Dask is a library which offers practical parallelism primitives to scale your computation logic

Numba -> http://numba.pydata.org/

Dask -> https://dask.org/

### Is python slow? Why?

- Global Interpreter Lock (no shared memory multi-threading)
- No compiler optimizations (because its dynamically typed)

### Lets look at two functions which could be slow in python 

- The first function computes $ y = \sum_{i=1}^n {x_i^{2} + x_i^{3}} $

- The second function computes $ y = \sum_{i=1}^n {tan(x_i) + atan(x_i)} $

In [1]:
def first_slow_function(n):
    return sum((x ** 2 + x ** 3) for x in range(n ** 7))

%time first_slow_function(10)

Wall time: 6.6 s


2499999833333308333335000000

In [None]:
from math import tan, atan

def second_slow_function(n):
    return sum(tan(x) * atan(x) for x in range(n ** 7))
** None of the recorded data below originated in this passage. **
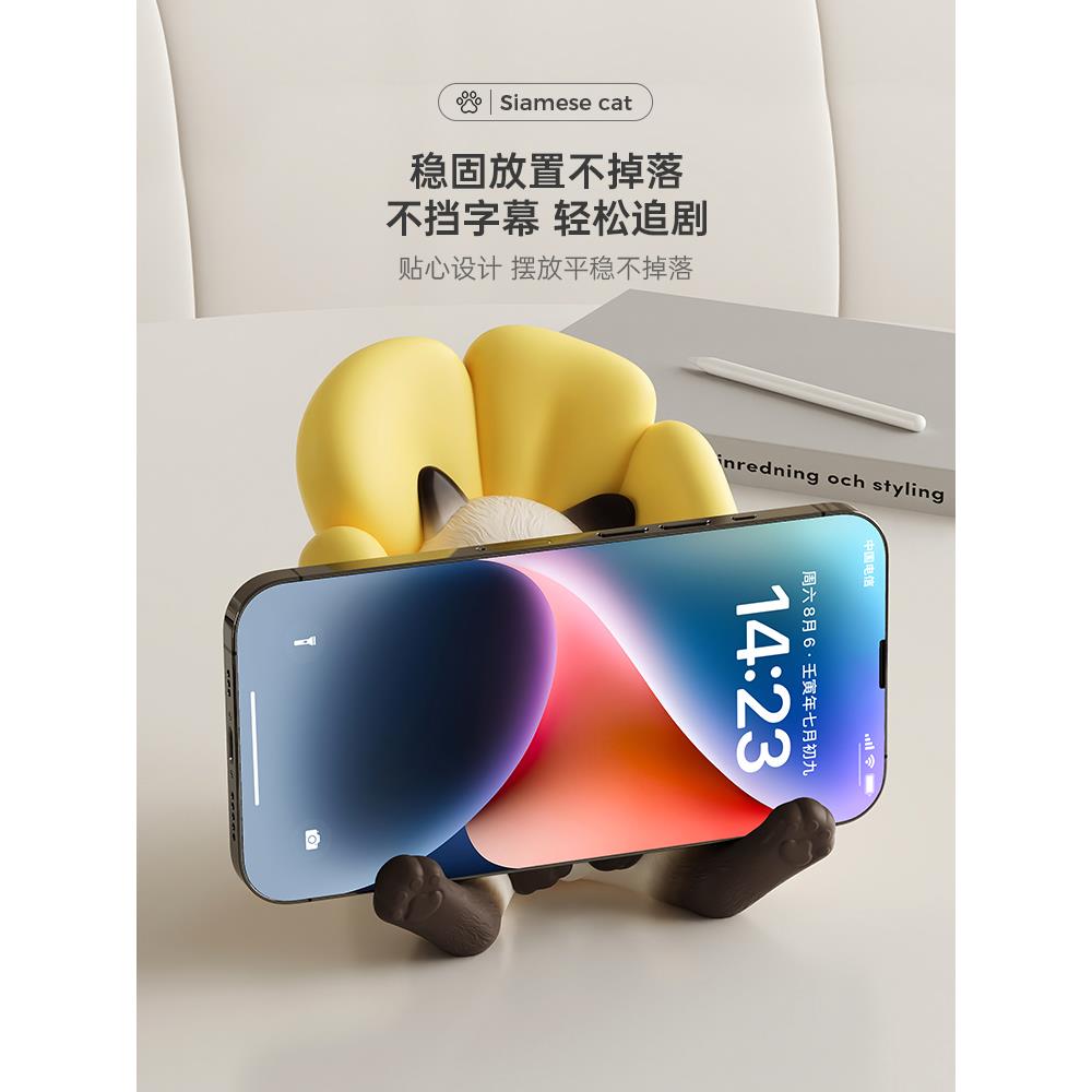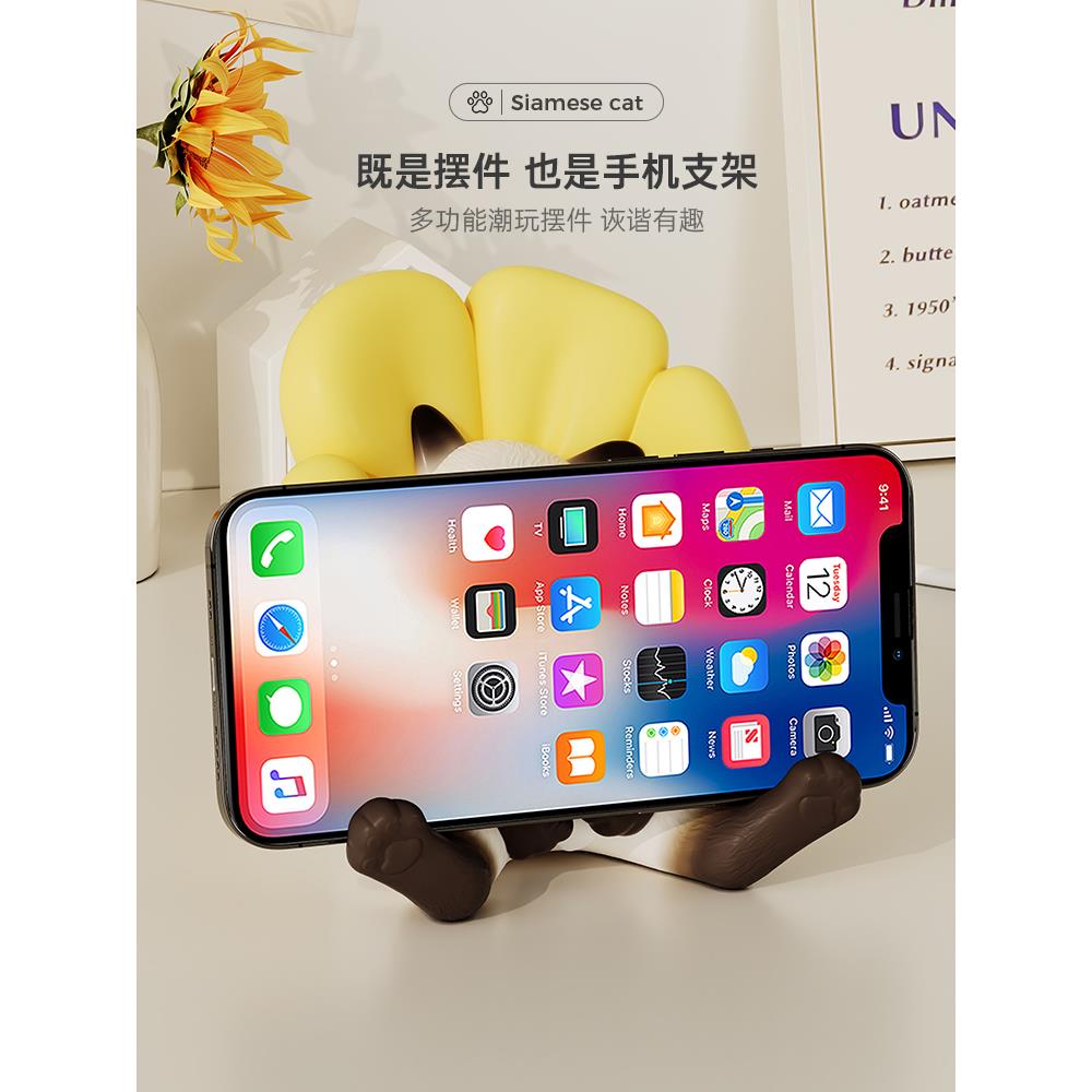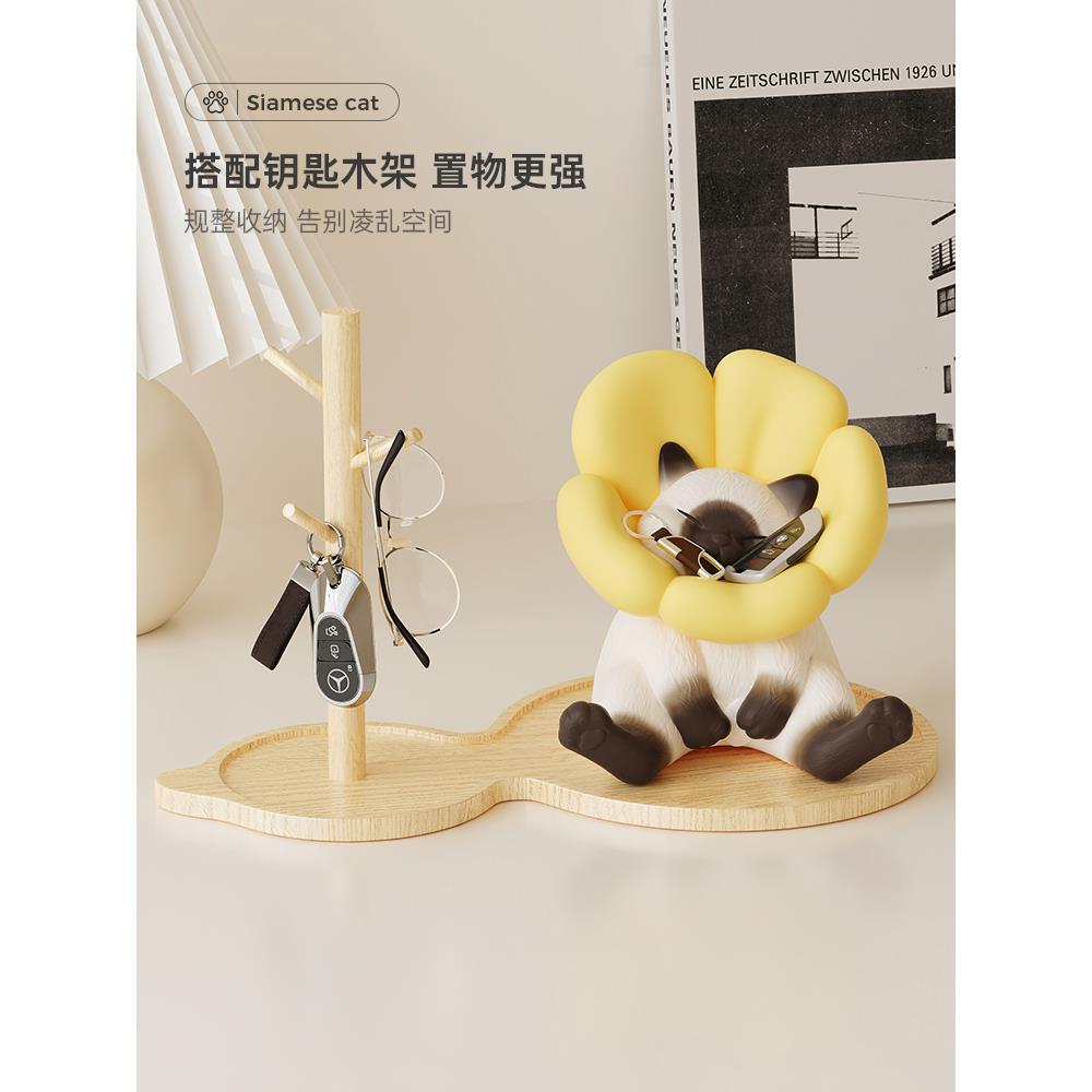 卡通暹罗猫手机支架桌面可爱钥匙收纳玄关摆件置物办公室工位治愈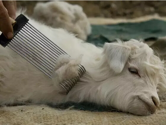 而羊绒长在山羊粗毛的根部,收集羊绒时要用特制的铁梳子像梳头一样一点点梳下来。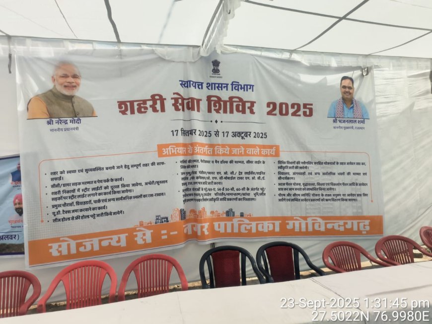 शहरी सेवा शिविर आमजन को लाभ प्रदान करने के उद्देश्य से राजस्थान सरकार के द्वारा लगाए जा रहे हैं मुख्यमंत्री भजनलाल शर्मा की है। यह योजना नगर पालिका क्षेत्र गोविंदगढ़ में पिछड़ती हुई नजर आ रही है। कार्य नहीं होने से आमजन का भी इन शिविरों से मुंह भंग होता हुआ नजर आ रहा है जिसके कारण शिविर के पांडाल खाली नजर आ रहे हैं।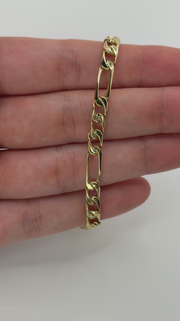 Crafted in solid 10K yellow gold, this Figaro bracelet showcases a timeless and distinctive link pattern with refined character. Featuring the classic alternating sequence of elongated and shorter links, the design creates a rhythmic, eye-catching flow that reflects light beautifully with every movement.
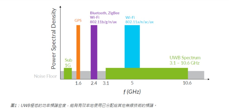 UWB的運作頻段基本上介於3.1和10.6GHz之間,通常會在6-8.5GHz之間運作,它僅用極低的功率訊號,因此若從Wi-Fi、藍牙及其他技術標準來看,他的傳輸處於雜訊底層(noise floor)之下,如圖所示。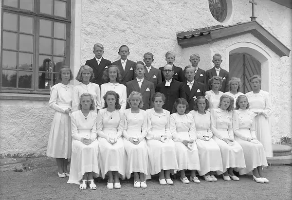 Enligt fotografens journal nr 7 1944-1950: "Jörlanda Konfirmander Pastor Nyblom".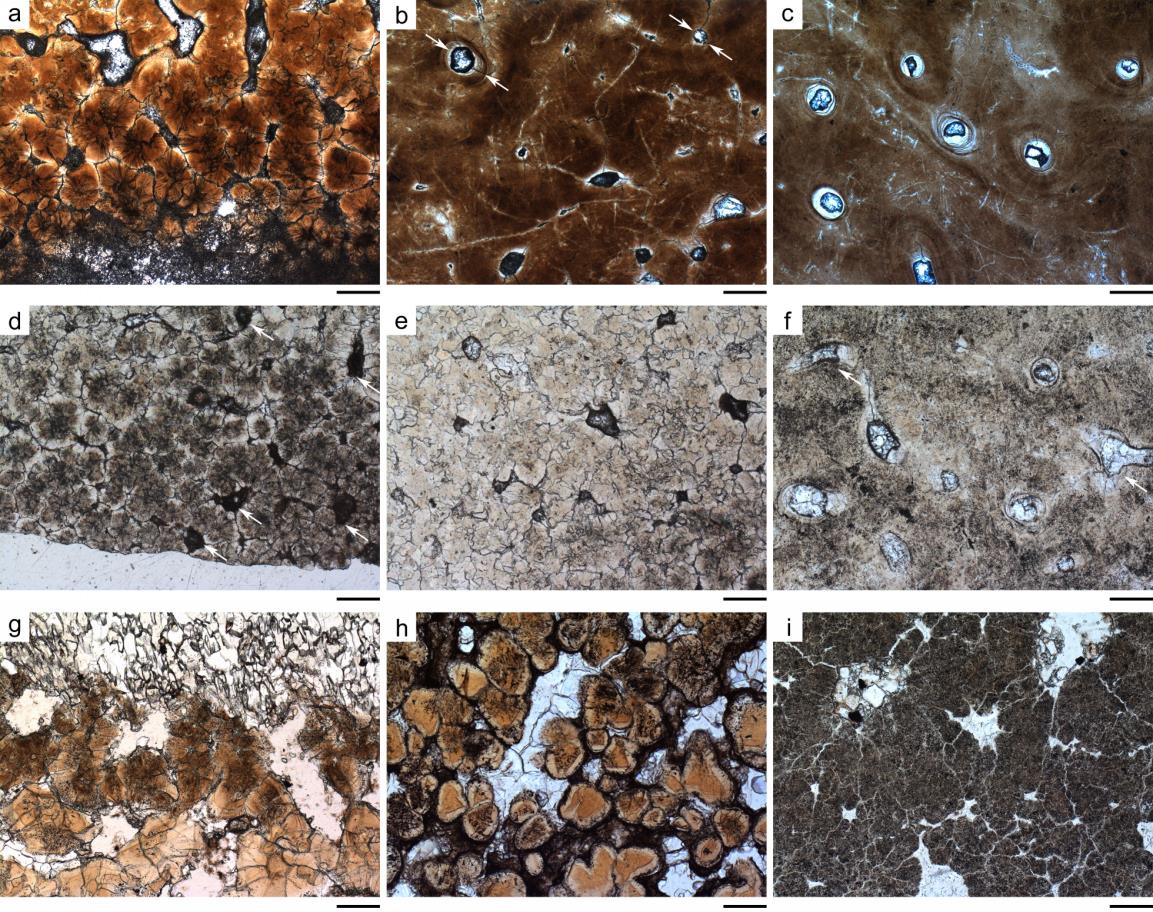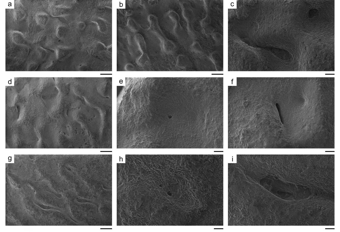 图2. 坪岭叠层蛋蛋壳纹饰及气孔开口特征,上、中、下分别为南雄、山阳、莱阳的材料(a,b,d,g标尺为500 μm,c,e,f,h,i标尺为100 μm)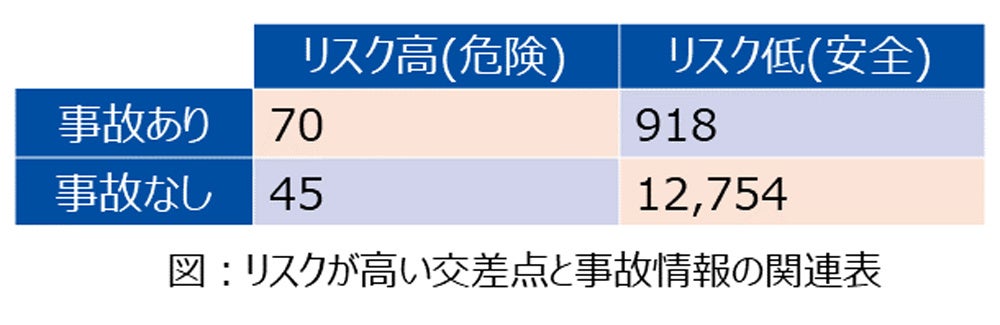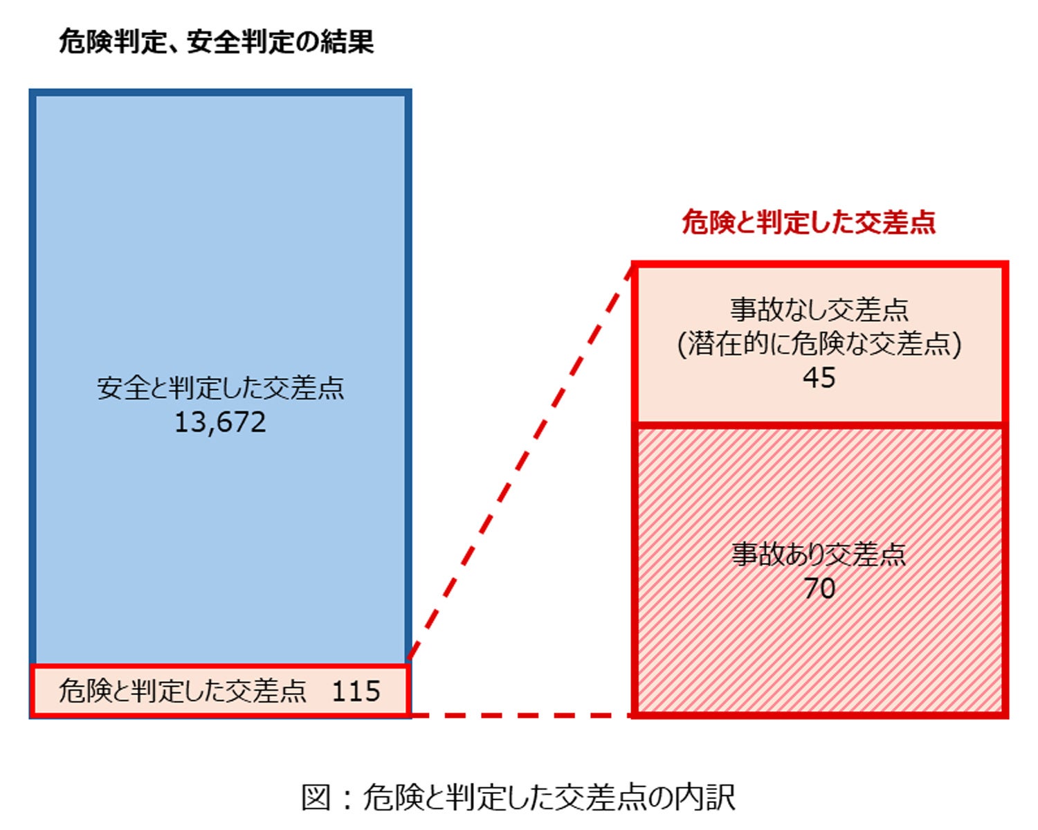 その結果、危険と判定された交差点数は115件と全体の13,787件に比べると非常に少ない件数にも関わらず、その中で実際に事故が発生していた件数は70件と高い割合で一致することが確認できました。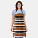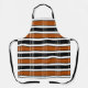 This apron has a geometric design of a plaid with brown and white lines on a black background.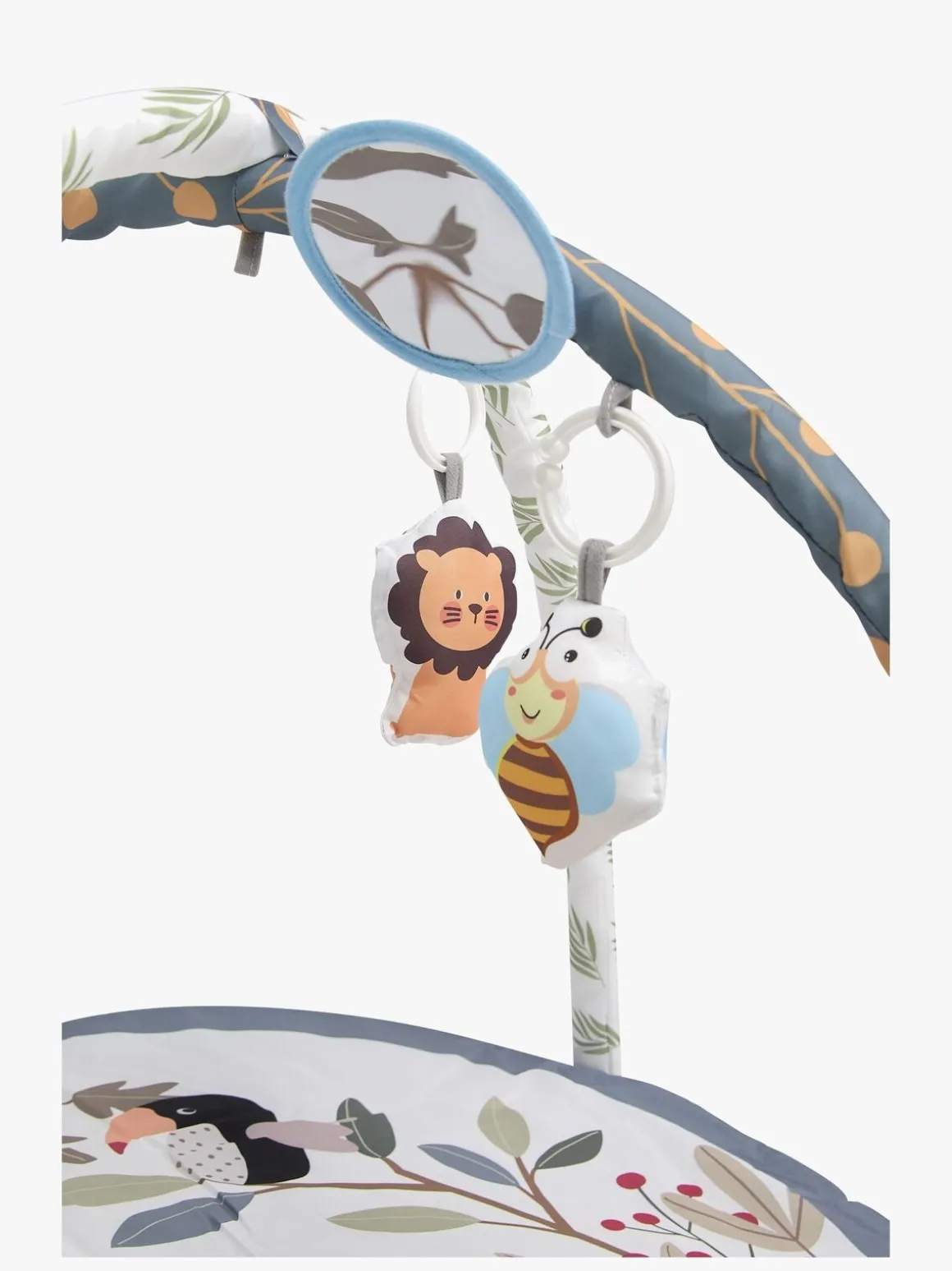 – Sjove farver og et spejl til visuel stimulering.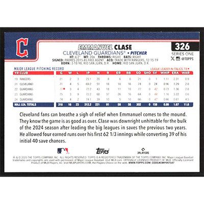 This is a 2025 Topps Emmanuel Clase baseball card. The card is #326 and pictures show condition.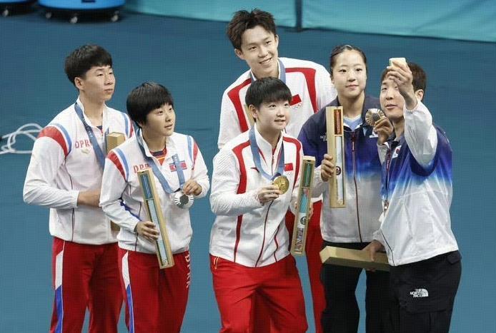 巴黎奧運會乒乓球混雙決賽,中國組合孫穎莎與王楚欽不負衆望,一路連勝,闖入到最後的金牌爭奪戰,最終擊敗了朝鮮組合李正植與金琴英,值得一提的是,在頒獎儀式上,中朝韓3國的運動員同框自拍,畫面溫馨和諧,這一幕非常美好!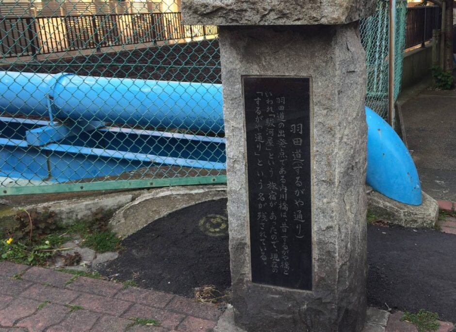 | 紹介 | 東海道から内川橋際(大森東二丁目2番先)で分かれ、羽田方面に至る道です。分岐点付近に、歌舞伎にも出てくる「駿河屋」という旅籠があったことから「するがや通り」とも呼ばれます。内川橋から大鳥居交差点(東糀谷三丁目3番先)まで旧道が残っています。産業道路ができるまで、羽田でとれた魚などを運ぶ生活道路でした。 |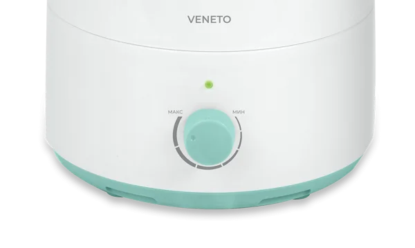 Увлажнитель VENETO имеет резервуар для воды объемом 2,5 литра. Интенсивность увлажнения воздуха достигает 300 мл/ч. До 8 часов непрерывной работы на максимальной скорости выхода пара без долива воды в резервуар.;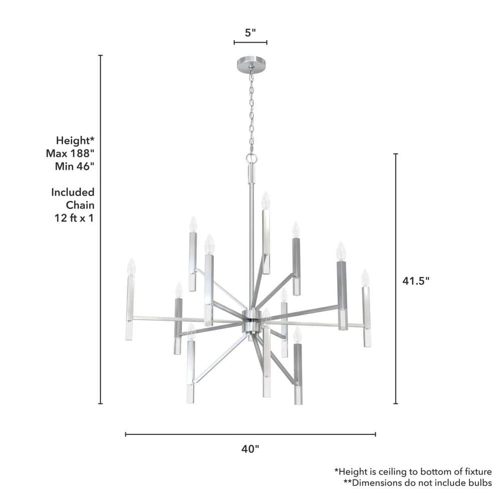 A: The chandelier uses twelve E12-base light bulbs, and B10 candle bulbs are recommended. Each bulb can be up to 60 watts or the LED equivalent.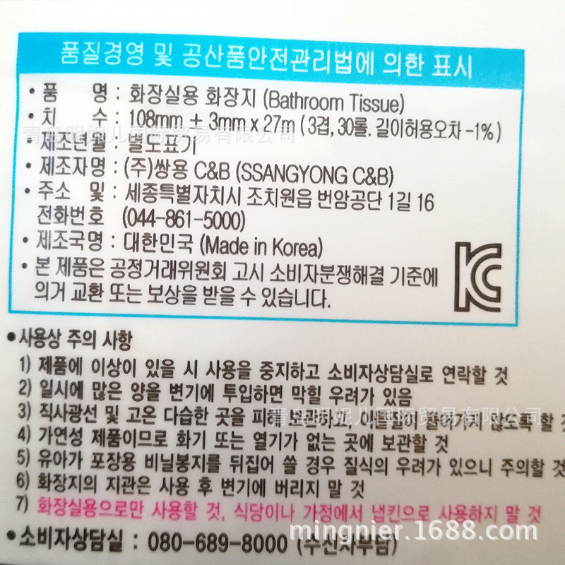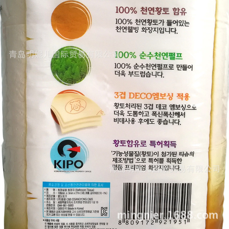 Box 135 Korea Original Import Loess Toilet Paper Pulp Print Pigment-free Makeup Room Winders Toilet Paper 30 Rolls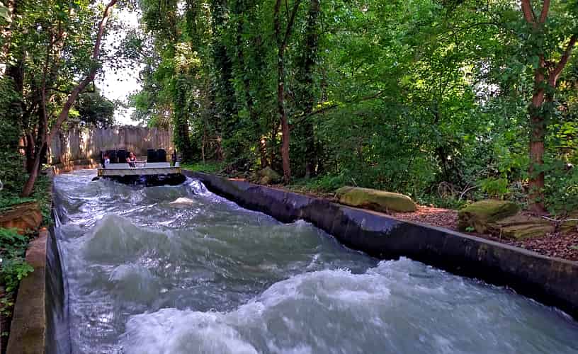 Thunder canyon takes guests along a rapid river and under soaking waterfalls that pour from the sides.

%time second_slow_function(10)

### What does Python's ecosystem offer?

numpy
=====

### What exactly does numpy offer?

- [A multidimensional, homogeneous array type, along with a type system for array elements (called "dtypes")](https://docs.scipy.org/doc/numpy/reference/generated/numpy.ndarray.html)
- [Ufuncs with Broadcasting](https://docs.scipy.org/doc/numpy/user/basics.broadcasting.html)
- Lots of prebuilt functions oriented towards scientific computing, including but not limited to
    - [General Math](https://docs.scipy.org/doc/numpy/reference/routines.math.html)
    - [Linear Algebra](https://docs.scipy.org/doc/numpy/reference/routines.linalg.html)
    - [Statistics](https://docs.scipy.org/doc/numpy/reference/routines.statistics.html)

![](./img/cint_vs_pyint.png)
***
![](./img/array_vs_list.png)

### Import numpy and start creating numpy ndarrays. It's as simple as a python list

In [None]:
import numpy as np
x = np.array([1, 2, 3])
x.dtype

### But do remember you can only create homogenous (same type) arrays**

In [None]:
y = np.array([1,2,3], dtype=np.float)
y.dtype
y

### Lets try re-writing the slow functions we wrote earlier leveraging numpy

In [None]:
def func1(x):
    return x ** 2 + x ** 3

def first_slow_function_in_numpy(n):
    vf = np.vectorize(func1)
    return np.sum(vf(np.arange(n ** 7, dtype=np.float64)))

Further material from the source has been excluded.